Improved sequence tag generation method for peptide identification in tandem mass spectrometry

Abstract

The sequence tag-based peptide identification methods are a promising alternative to the traditional database search approach. However, a more comprehensive analysis, optimization, and comparison with established methods are necessary before these methods can gain widespread use in the proteomics community. Using the InsPecT open source code base ( Tanner et al., Anal. Chem. 2005, 77, 4626- 39 ), we present an improved sequence tag generation method that directly incorporates multicharged fragment ion peaks present in many tandem mass spectra of higher charge states. We also investigate the performance of sequence tagging under different settings using control data sets generated on five different types of mass spectrometers, as well as using a complex phosphopeptide-enriched sample.

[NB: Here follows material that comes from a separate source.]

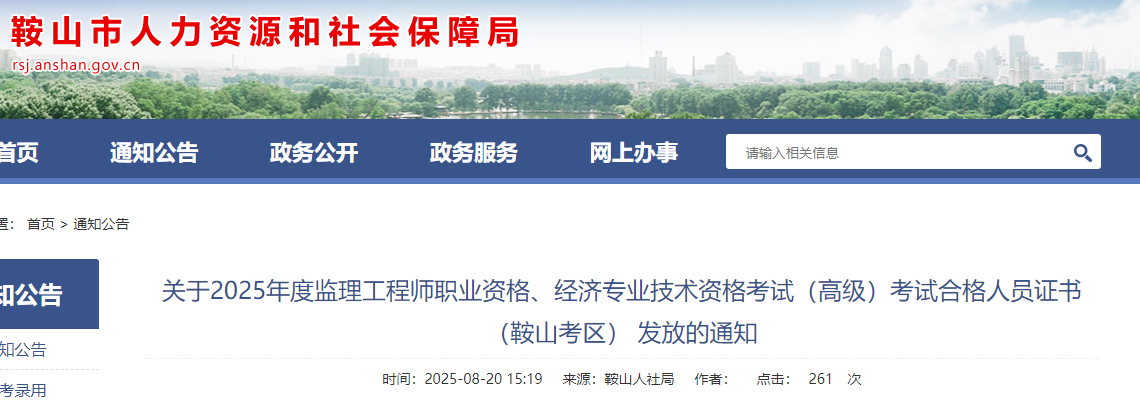 關(guān)于2025年度監(jiān)理工程師職業(yè)資格、經(jīng)濟專業(yè)技術(shù)資格考試(高級)考試合格人員證書(鞍山考區(qū))發(fā)放的通知

We also demonstrate that additional modeling of InsPecT search scores using a semiparametric approach incorporating the accuracy of the precursor ion mass measurement provides additional improvement in the ability to discriminate between correct and incorrect peptide identifications. The overall superior performance of the sequence tag-based peptide identification method is demonstrated by comparison with a commonly used SEQUEST/PeptideProphet approach.

Figure 1

Overview of the method and different tag generations settings.

Figure 2

The frequency of observing one the two highest scoring correct tags or one of the 100 randomly selected incorrect tags extracted from 3+ spectra in phosphopeptide-enriched data set having 0, 1, or 2 mismatches of node type.

Figure 3

Optimal sensitivity as a trade-off between the total number of sequence tags that can be extracted from the spectrum graph and the coverage of the peptide sequence by generated correct tags. (a) Average number of sequence tags (correct or incorrect) that can be extracted from 2+ (dashes) or 3+ (solid curve) spectra in the phosphopeptide data set using different tag generation options. (b) Coverage of the peptide sequence by generated correct tags. (c) Sensitivity, i.e. the percentage of spectra for which one of the top 100 scoring tags is correct

Figure 4

Sensitivity of different tag extraction methods as a function of the number of top scoring tags considered for each spectrum (up to 100, the default value) in the protein mix LTQ-FT 4+ charge state spectra data set.

Figure 5

The number of correct identifications as a function of false discovery rate for spectra from the protein mix LTQ-FT data set. (a) 4+ spectra. Shown are the results of SEQUEST/PeptideProphet analysis (dashed green curve); sequence tagging using singly charge (SC) fragment ions only, [01] method, followed by p-value filtering (dotted purple curve); sequence tagging using multi-charged (MC) fragment ions, (03)(12)1.0 method, followed by p-value filtering (dash dot magenta curve); sequence tagging, (03)(12)1.0 method, followed by semi-parametric modeling with inclusion of the mass accuracy parameter dM (solid blue curve). (b) 3+ spectra, same as above (c) 2+ spectra. The tags were generated using [01] method only.

Figure 6

Histogram of InsPecT (a) FScore and (b) mass accuracy score dM plotted separately for correct (solid blue) and incorrect (solid green) peptide identifications for 3+ spectra in the protein mix LTQ-FT data set. Also shown are distributions fitted by the semi-parametric model (dashed curves).

Figure 7

The estimated number of correct identifications as a function of false discovery rate in the phosphopeptide data set (a) 3+ spectra, SEQUEST/PeptideProphet analysis (green dashed curve), sequence tagging using singly charge (SC) fragment ions only, [01] method, followed by p-value filtering (dotted purple curve); sequence tagging using multi-charged (MC) fragment ions, (03)(12)1.0 method, followed by p-value filtering (dash dot magenta curve); sequence tagging, (03)(12)1.0 method, followed by semi-parametric modeling with inclusion of the mass accuracy parameter dM (solid blue curve). (b) 2+ spectra. The tags were generated using [01] method only.